*** Opening PROVIDED DATA ***
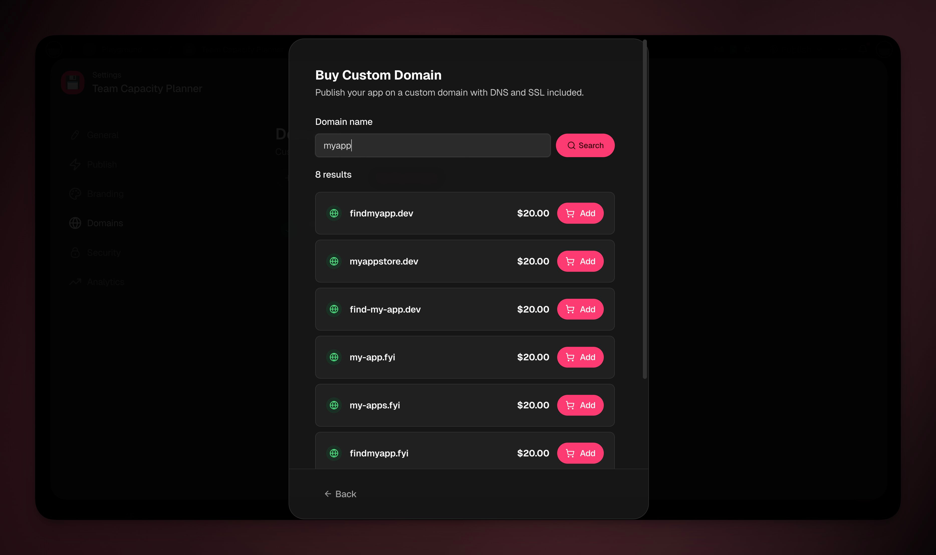 - Select a domain → Click **Add** → **Buy and Publish.**
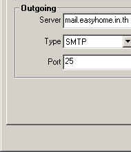 - ต่อไปก็จัดการกรอกรายละเอียดเกี่ยวกับ Server Mail ที่คุณใช้บริการอยู่ สำหรับช่อง Outgoing ถ้าอยากให้เร็วก็ใส่ SMTP ของ ISP ที่คุณต่อเชื่อมอินเทอร์เน็ตอยู่นะครับจะดีที่สุด ถ้าไม่รู้หรือไม่มีก็ใส่ตามที่ผู้ให้บริการอีเมล์ของคุณกำหนด
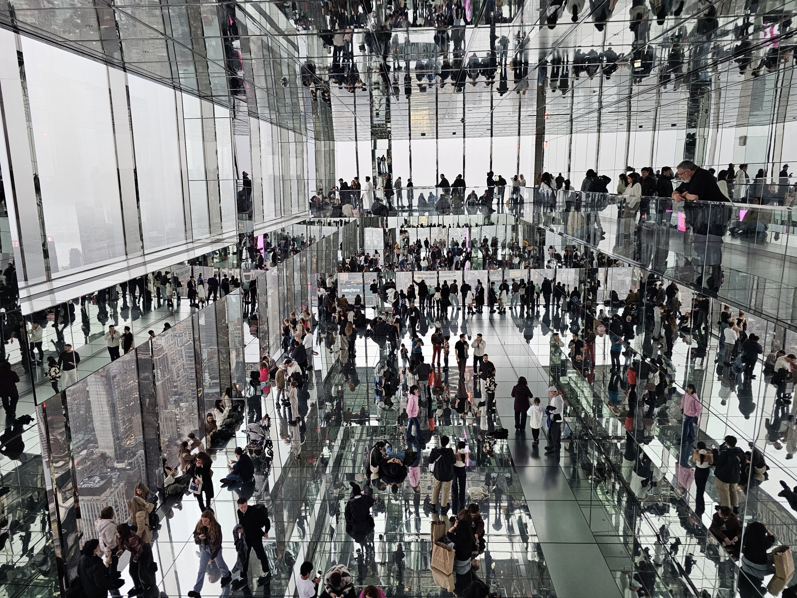Pats plačiausias yra pats pirmasis ir iš dalies antrasis apžvalgos aukštas, kuriame 30 375 kvadratinių pėdų plote galite patirti nežemišką milžiniškos veidrodžių salės atmosferą.
*** Closing PROVIDED DATA ***
YOUR TASK> Beginning with the line that contains "- ต่อไปก็จัดการกรอกรายละเอียดเกี่ยวกับ Server" in the data above, please copy each line exactly until the last line, both ends included, skipping any pictures.

ANSWER TO THE PROBLEM>
 - ต่อไปก็จัดการกรอกรายละเอียดเกี่ยวกับ Server Mail ที่คุณใช้บริการอยู่ สำหรับช่อง Outgoing ถ้าอยากให้เร็วก็ใส่ SMTP ของ ISP ที่คุณต่อเชื่อมอินเทอร์เน็ตอยู่นะครับจะดีที่สุด ถ้าไม่รู้หรือไม่มีก็ใส่ตามที่ผู้ให้บริการอีเมล์ของคุณกำหนด
Pats plačiausias yra pats pirmasis ir iš dalies antrasis apžvalgos aukštas, kuriame 30 375 kvadratinių pėdų plote galite patirti nežemišką milžiniškos veidrodžių salės atmosferą.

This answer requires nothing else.